Acceptance. At least one time \(t \leq p(n)\) has the machine in an accepting state: \[\bigvee_{t=0}^{p(n)} \text{state}[t][q_{\text{accept}}].\]

Correctness

  • Completeness. If \(M\) accepts \(x\) via some non-deterministic computation, set the variables to encode that computation. All clause groups are satisfied by construction.
  • Soundness. Any satisfying assignment encodes a sequence of configurations consistent with \(M\)’s transitions and starting from the correct initial configuration, ending in an accepting state.

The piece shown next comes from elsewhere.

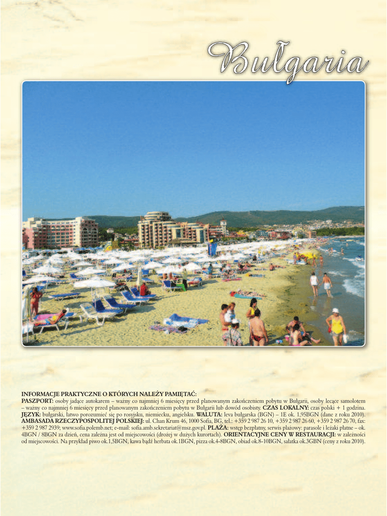 Bułgaria INFORMACJE PRAKTYCZNE O KTÓRYCH NALEŻY PAMIĘTAĆ: PASZPORT: osoby jadące autokarem – ważny co najmniej 6 miesięcy przed planowanym zakończeniem pobytu w Bułgarii, osoby lecące samolotem – ważny co najmniej 6 miesięcy przed planowanym zakończeniem pobytu w Bułgarii lub dowód osobisty. CZAS LOKALNY: czas polski + 1 godzina. JĘZYK: bułgarski, łatwo porozumieć się po rosyjsku, niemiecku, angielsku. WALUTA: leva bułgarska (BGN) – 1E ok. 1,95BGN (dane z roku 2010). AMBASADA RZECZYPOSPOLITEJ POLSKIEJ: ul. Chan Krum 46, 1000 Sofia, BG, tel.: +359 2 987 26 10, +359 2 987 26 60, +359 2 987 26 70, fax: +359 2 987 2939; www.sofia.polemb.net; e-mail: [email protected]. PLAŻA: wstęp bezpłatny, serwis plażowy: parasole i leżaki płatne – ok. 4BGN / 8BGN za dzień, cena zależna jest od miejscowości (drożej w dużych kurortach). ORIENTACYJNE CENY W RESTAURACJI: w zależności od miejscowości. Na przykład piwo ok.1,5BGN, kawa bądź herbata ok.1BGN, pizza ok.4-8BGN, obiad ok.8-10BGN, sałatka ok.3GBN (ceny z roku 2010).

This is a valid accepting computation of \(M\) on \(x\).

Size and Constructibility

The formula has \(O(p(n)^2)\) variables and \(O(p(n)^2)\) clauses, so its size is polynomial in \(n\). It can be constructed in polynomial time given \(x\) and the description of \(M\).

Conclusion

Since \(L\) was an arbitrary NP problem, every NP problem reduces to SAT in polynomial time. Combined with SAT \(\in\) NP, this establishes that SAT is NP-complete.

References

Cook, Stephen A. 1971. “The Complexity of Theorem-Proving Procedures.” Proceedings of the Third Annual ACM Symposium on Theory of Computing - STOC ’71, STOC ’71, 151–58. https://doi.org/10.1145/800157.805047.